Today, physical boundaries are no longer a barrier to business, which can be conducted across cities, states, and even countries. While we are less dependent on traditional methods of banking, they are not obsolete. Technological innovations and developments have not just introduced new methods of banking, but they have also helped revitalise traditional banking methods, improving convenience for users.

Here are some of the most commonly used payment mechanisms that are available to customers.

1) Paying through cheques: This method is still used by several customers. The cheque deposit system has also been modernised with cheque-deposit kiosks. These automatic terminals were popularised by Kotak Bank, which was among the first to introduce this technology. Most customers prefer to use these automated services as they eliminate and reduce dependence on the manual intervention of bankers.

Pros

  • No need to wait in queue
  • Eliminates the need to fill deposit slips

Cons

  • Maybe complex for those not comfortable with technology
  • Person may not know the account number

2) Payments through demand drafts (DD): These instruments are secured payment mechanisms. Banks issue a DD to the drawer (client) providing directions to the drawee, which could be another bank or one of its branches, to disburse a specified amount to the payee.

Pros

  • Safer than cheques
  • Does not require signature of the account holder when encashing

Cons

  • Possibility of an inaccurate payee name resulting in non-payment

3) ATM cards: Most banks offer ATM cards to account holders. These cards can also be used to make payments. Similar to credit cards, these cards can be swiped at merchant outlets to pay the desired amount.
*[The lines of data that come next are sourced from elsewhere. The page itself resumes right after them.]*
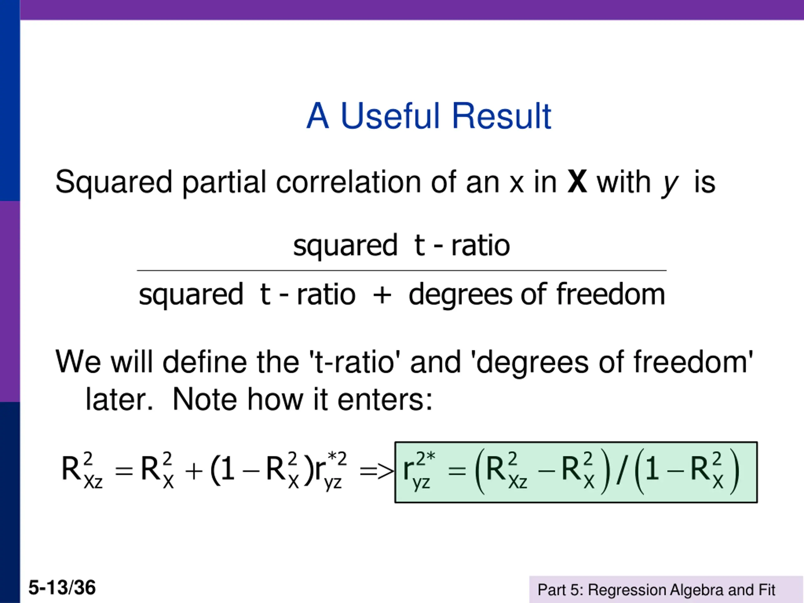 A Useful Result Squared partial correlation of an x in X with y is squared t - ratio squared t - ratio + degrees of freedom We will define the 't-ratio' and 'degrees of freedom' later. Note how it enters: 2 2 2 *2 Xz X X yz R R (1 R )r r = + = ( ) ( / 1 R ) 2* yz 2 Xz 2 X 2 X = R R 5-13/36 Part 5: Regression Algebra and Fit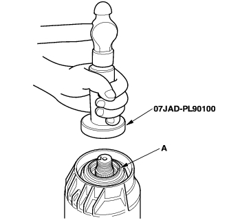 - Install the oil seals (A) squarely using the special tools. Be careful not to damage the lip of the oil seals.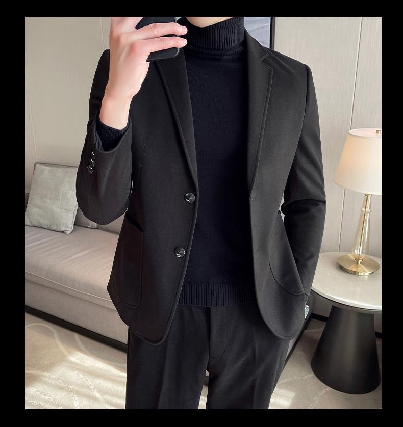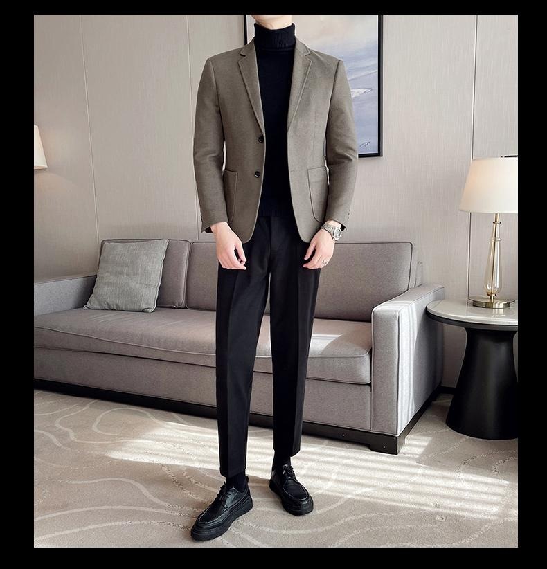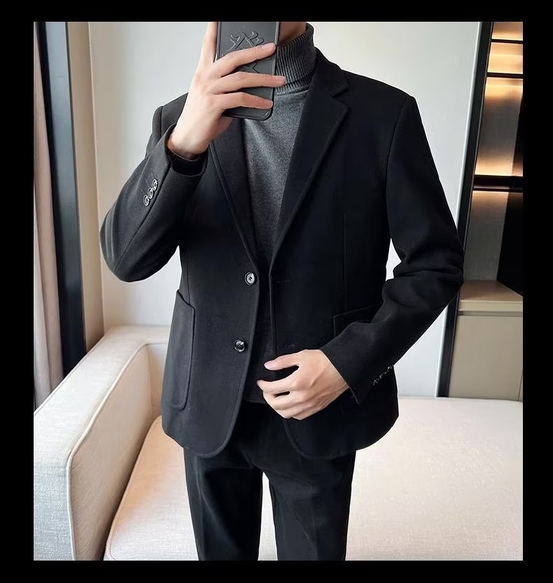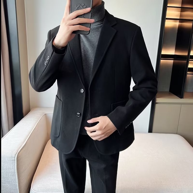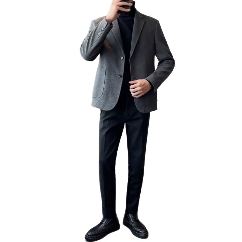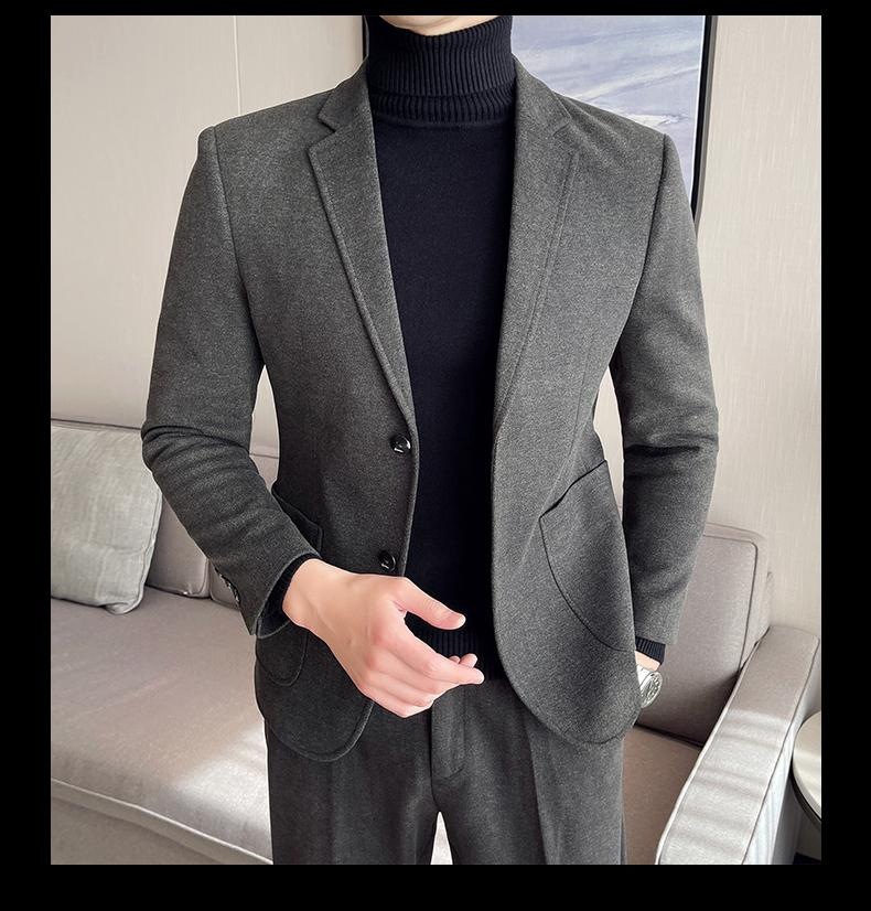 모직 세트 재킷 남자 가을 겨울 하이 엔드 센스 라이트 성숙한 스타일 남자 두꺼운 모직 코트 한국 캐주얼 세트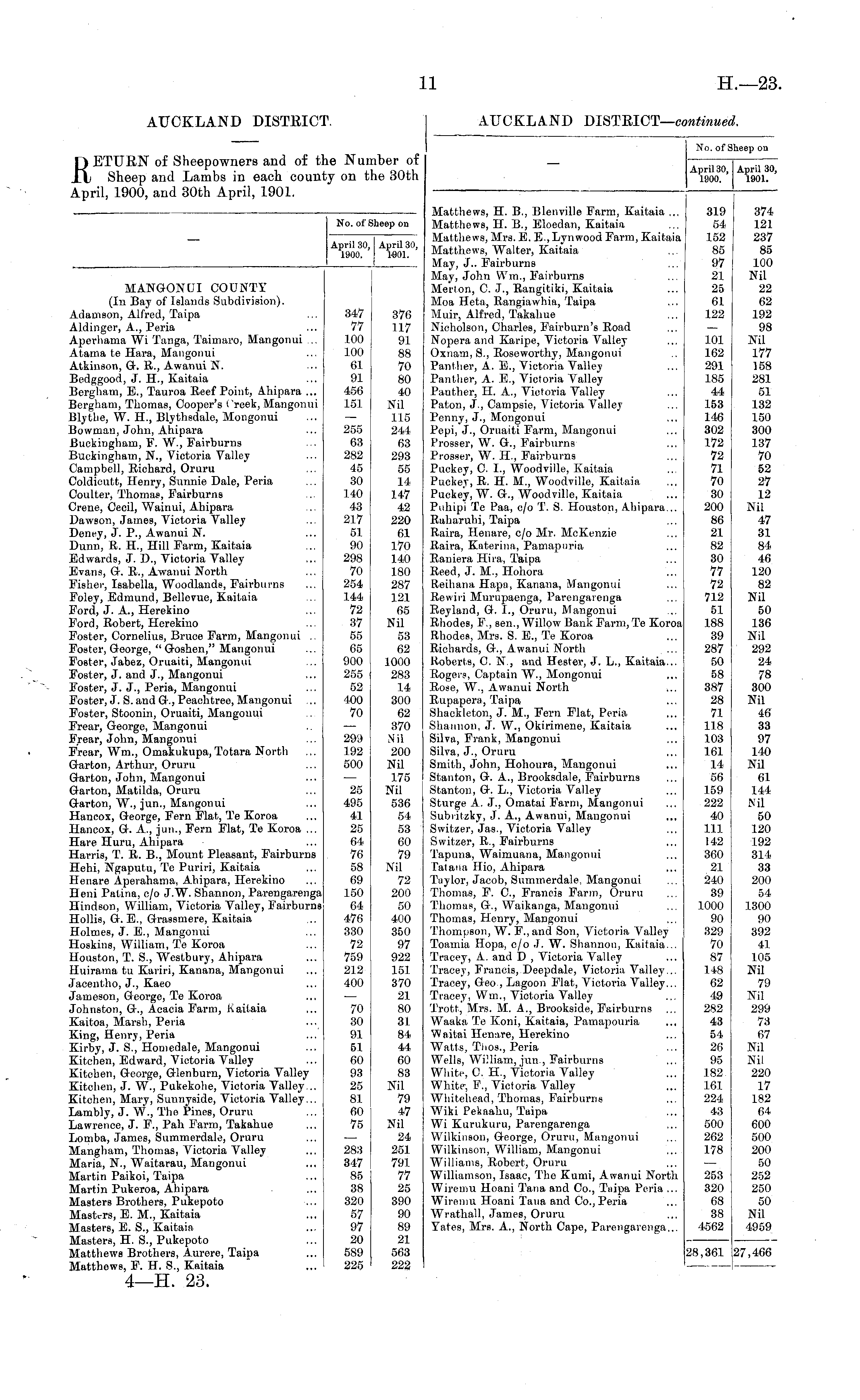 No. of Sheep on April 30, April 30, 1900. 1901. Matthews, H. B., Blenville Farm, Kaitaia ... Matthews, H. B., Eloedan, Kaitaia Matthews, Mrs. E. E., Lynwood Farm, Kaitaia Matthews, Walter, Kaitaia May, J.. Fairburns May, John Wm, Fairburns Merlon, C. J., Rangitiki, Kaitaia Moa Heta, Rangiawhia, Taipa Muir, Alfred, Takahue Nicholson, Charles, Fairburn's Road Nopera and Karipe, "Victoria Valley Oxriam, 8., Roaeworthy, Mangonui Pantlier, A. E., Victoria Valley Panther, A. E., Victoria Valley Panther, H. A., Victoria Valley Paton, J., Campsie, Victoria Valley Penny, J., Mongonui Pepi, J., Oruaiti Farm, Mangonui Prosser, W. Or., Fairburns Prosser, W. H., Fairburns Packey, C. I., Woodville, Kaitaia Puckey, R. H. M., Woodville, Kaitaia Puckey, W. G-., Woodville, Kaitaia Puhipi Te Paa, c/o T. S. Houston, Ahipara... Raharuhi, Taipa Raira, Henare, c/o Mr. McKenzie Raira, Katerina, Pamapuria Raniera Hira, Taipa Reed, J. M., Hohora Reihanu Hapa, Kanana, Mangonui Rewiri Murupaenga, Parengarenga Reyland, G. I., Orurti, Mangonui Rhodes, F., sen., Willow Bank Farm, Te Koroa Rhodes, Mrs. S. E., Te Koroa Richards, G-., Awanui North Roberts, 0. N., and Hester, J. L., Kaitaia... Rogers, Captain W., Mongonui Rose, W., Awanui North Rupapera, Taipa Shackleton, J. M., Fern Flat, Peria Shannon, J. W., Okirimene, Kaitaia Silva, Frank, Mangonui Silva, J., Oruru Smith, John, Hohoura, Mangonui Stan ton, Gh A., Brooksdale, Fairburns Stanton, G-. L., Victoria Valley Sturge A. J., Omatai Farm, Mangonui Subritzky, J. A., Awanui, Mangonui Switzer, Jas., Victoria Valley Switzer, R., Fairburns Tapuna, Waimuana, Mangonui Fat ana Hio, Ahipara Taylor, Jacob, Summerdale, Mangonui Thomas, F. C, Francis Farm, Oruru Thomas, Gh, Waikanga, Mangonui Thomas, Henry, Mangonui Thompson, W. F.,and Son, Victoria Valley Toamia Hopa, c/o J. W. Shannon, Kaitaia.. Tracey, A. and D , Victoria Valley Tracey, Francis, Deepdale, Victoria Valley... Tracey, Greo , Lagoon Flat, Victoria Valley... Tracey, Wm., Victoria Valley Trott, Mrs. M. A., Brookside, Fairburns Waaka Te Koni, Kaitaia, Pamapouria Waitai Henare, Herekino Watts, Thos., Peria Wells, William, jun., Fairburns White, C. H., Victoria Valley White, F., Victoria Valley Whitehead, Thomas, Fairburns Wiki Pekaahu, Taipa Wi Kurukuru, Parengarenga Wilkinson, Gfeorge, Oruru, Mangonui Wilkinson, William, Mangonui Williams, Robert, Oruru Williamson, Isaac, The Kumi, Awanui North Wiremu Hoani Tana and Co., Taipa Peria ... Wiremu Hoani Taua and Co., Peria Wrathall, James, Oruru Yates, Mrs. A., North Cape, Parengarenga... 319 54 152 85 97 21 25 61 122 101 162 291 185 44 153 146 302 172 72 71 70 30 200 86 21 82 30 77 72 712 51 188 39 287 50 58 387 28 71 118 103 161 14 56 159 222 40 111 142 360 21 240 39 1000 90 329 70 87 148 62 49 282 43 54 26 95 182 161 224 43 500 262 178 374 121 237 85 10O Nil 22 62 192 98 Ml 177 158 281 51 132 150 300 137 70 52 27 12 Nil 47 31 84 46 120 82 Nil 50 136 Nil 292 24 78 300 Nil 46 33 97 140 Nil 61 144 Nil 50 120 192 314 33 200 54 1300 90 392 41 105 Nil 79 Nil 299 73 67 Nil Nil 220 17 182 64 600 500 200 50 252 250 50 Nil 4959 253 320 68 38 4562 28,361 27,466
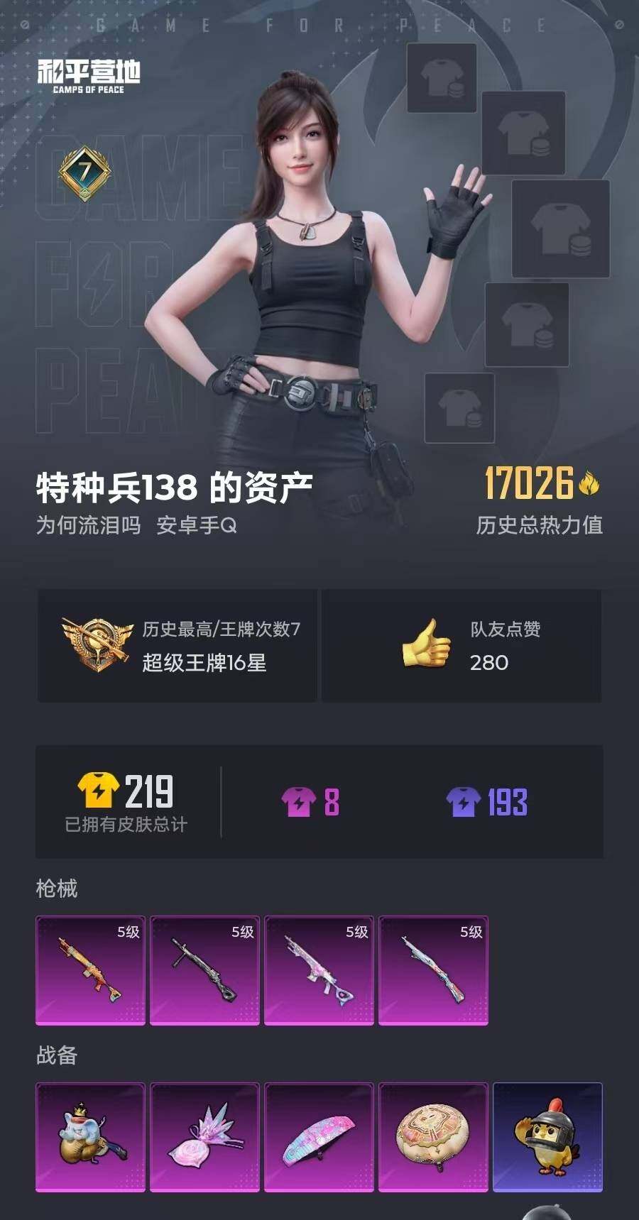 34套装/枪械4/装备78/战备41/王牌印记7/热力值17026/五级Kar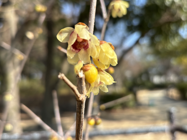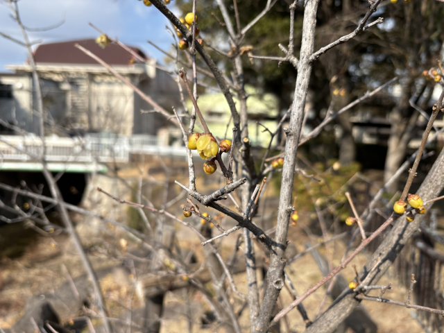 上坂部西公園でロウバイが咲いています。 ロウバイ(蝋梅)は、1月から2月にかけて、まるでロウ細工のような黄色く甘い香りの花を咲かせる中国原産の落葉樹で、中国では、ウメ、スイセン、ツバキとともに、「雪中四友」として尊ばれています。 上坂部西公園の北東、昆陽川に架かる橋のたもとでご覧いただけます。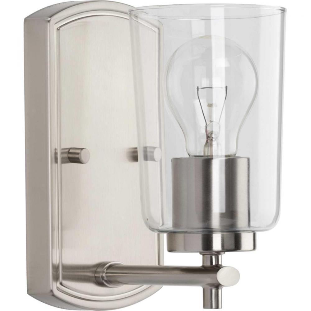Create a haven for relaxation and revival with the Adley one-light bath. This fixture features a Brushed Nickel, curved backplate attached to a simple, clear glass shade. The modern piece is perfect for adding ambient light to bathroom and vanity settings in traditional and transitional interiors.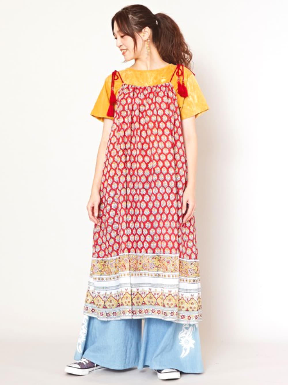 インナーやアウターの合わせ方次第で ロングシーズン楽しめるキャミワンピース✴︎ インドの伝統技法『ブロックプリント』の魅力が楽しめるデザイン♪*
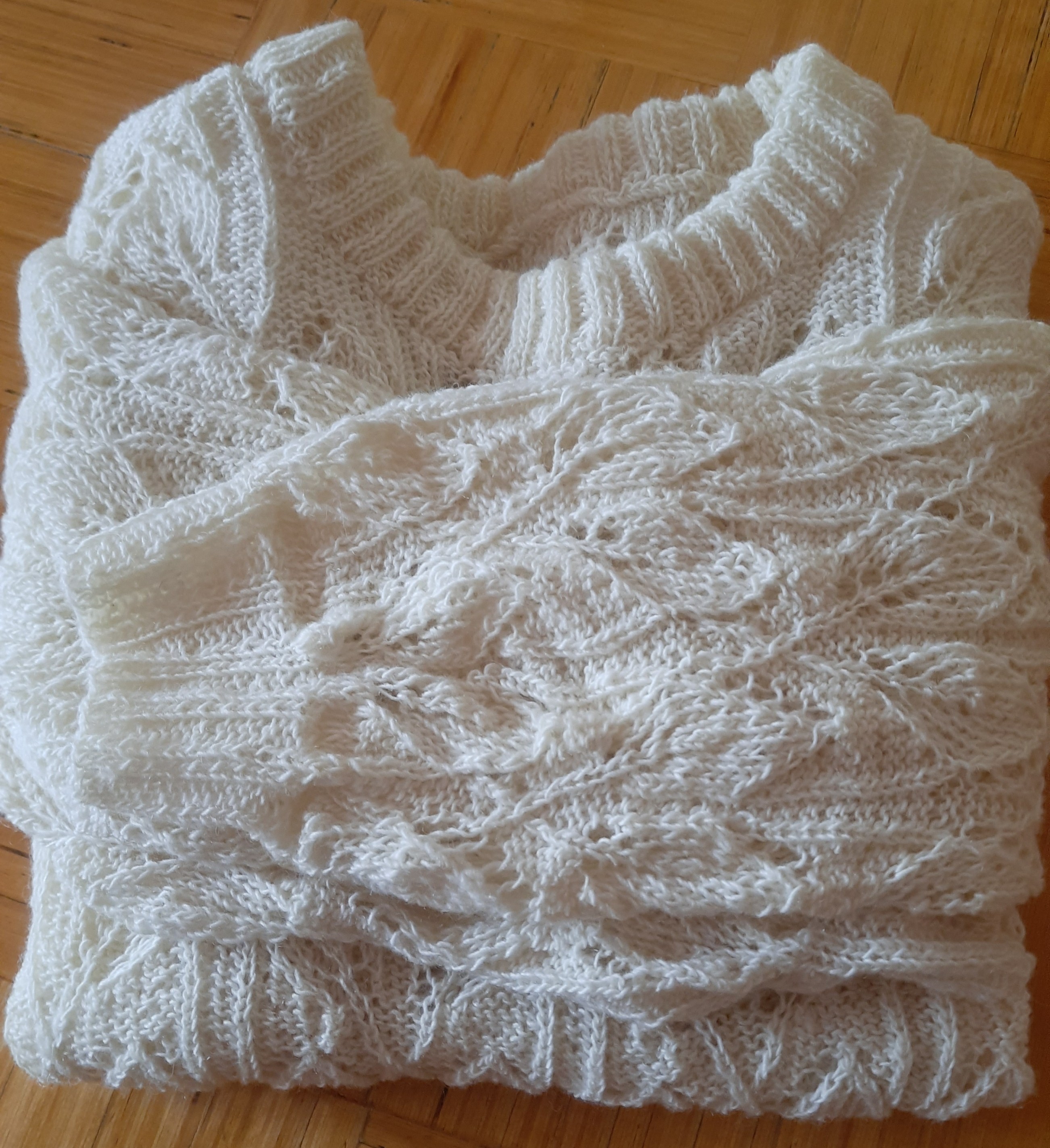 Taheti nn oversize kampsunit, kehaosa laius sai umbes 60cm ja pikkus 64cm, varrukad said tehtud ka üsna laiad, ülalt kusagil 25 cm. Kuna ma ei teadnud, kuidas lõng täpselt käitub, siis kudusin ja pesin detailid eraldi ja pärast õmblesin kokku.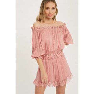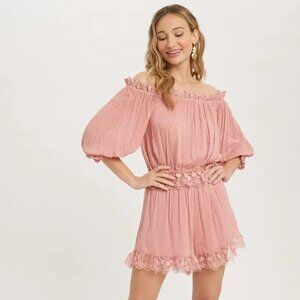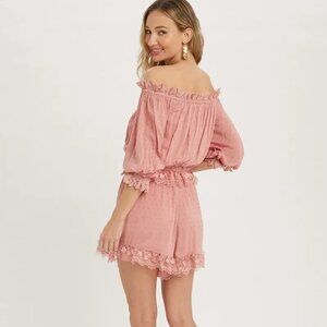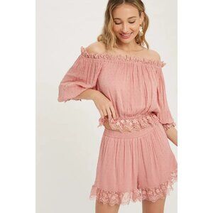 Stay stylish and comfortable in our Lace Trim Lounge Set. Made with soft, luxurious fabric and delicate lace detailing. Perfect for lounging at home or can also be worn as separates for running errands. A woven lounge set featuring a textured material with lace detailing, off the shoulder top & high waist shorts, relaxed fit.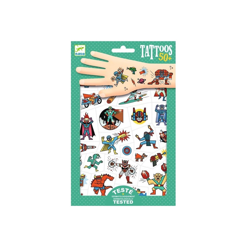Two sheets ofdermatologically tested temporary tattoos featuring superheroes and villains battling each other. These fun tattoos are designed with metallic finishing. Easy to use thanks to theirpre-cut design. Justapply with a little water.Remove with soap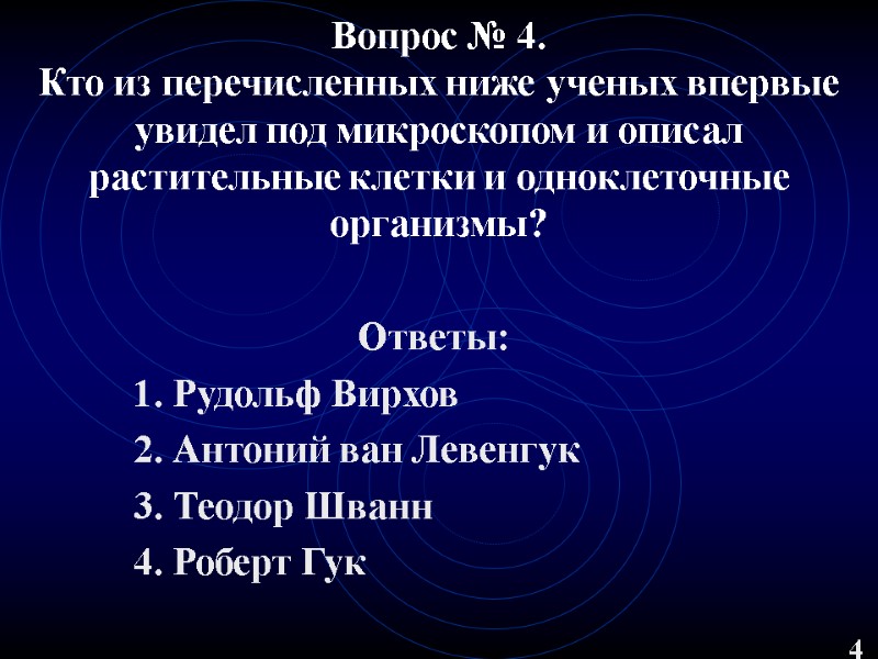 Вопрос № 4. Кто из перечисленных ниже ученых впервые увидел под микроскопом и описал растительные клетки и одноклеточные организмы? Ответы: 1. Рудольф Вирхов 2. Антоний ван Левенгук 3. Теодор Шванн 4. Роберт Гук 4
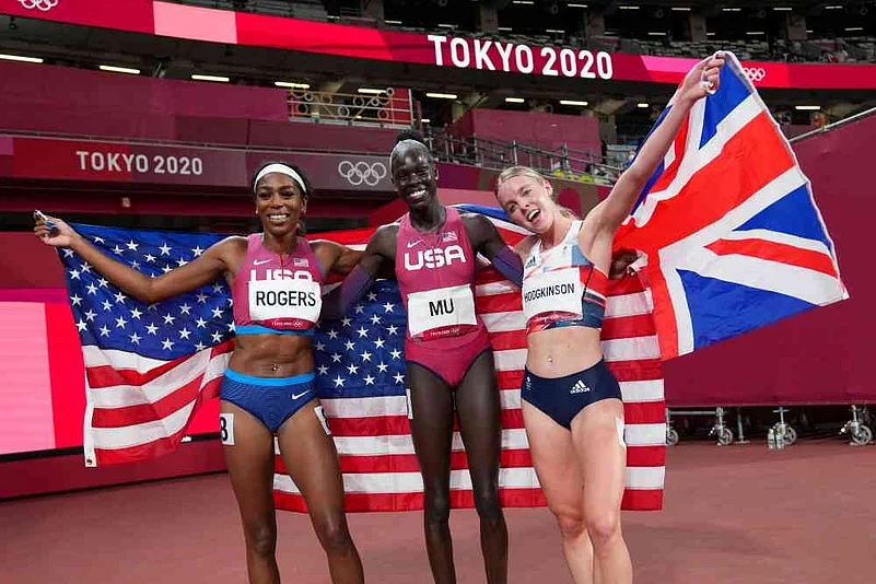 Britain’s Keely Hodgkinson won the silver medal in 1:55.88 and Raevyn Rogers came from nowhere to clinch the bronze on the finish line and give the Americans a double celebration at the Olympic Stadium in Tokyo.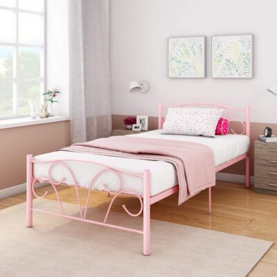 Panana Modern Stable 3FT Single Metal Bed Frame Children Kids Bedroom (Pink 3FT Bed Frame)

One difference between these cards is that an ATM card can only be used to pay an amount if the funds for that transaction are available in the connected bank account.

Pros

  • Users do not need to carry cash reducing the risks of traveling with huge amounts
  • Ensures you do not overspend as the amount is limited to the balance available in your bank account

Cons

  • If you lose the card, there may be unauthorised transactions until you block it
  • Most banks confiscate the card if a user enters incorrect PIN more than 3 times; retrieving the card is a time-consuming procedure

4) Credit cards: These are widely used by people because of the convenience they offer. Credit card holders can conduct transactions with ease in multiple outlets, without having funds in their banking accounts. In addition, they can earn rewards and loyalty points on the amount they spend using these cards.

Pros

  • Users do not need to carry cash reducing the risks of traveling with huge amounts
  • Widely accepted across shops, restaurants, cinemas, and other merchant outlets
  • Allows users to acquire things on credit for a certain period of time while deferring the actual payments
  • Users earn reward points as they use their card and these points can be redeemed to make further purchases

Cons

  • Since the payment on the card is not due until a later date, there is a high risk of overspending
  • Can lead to debt traps and liquidity crises in case the outstanding bills are not immediately paid
  • Interest rates and transaction fees are applicable, making it an expensive option

Every banking institution in India provides multiple payment options for the convenience of customers. Although a number of banks have taken an initiative in expanding banking services, Kotak Bank’s efforts in this regard are laudable. In addition to modernising traditional services, the bank has also pushed the boundaries of digital and mobile services.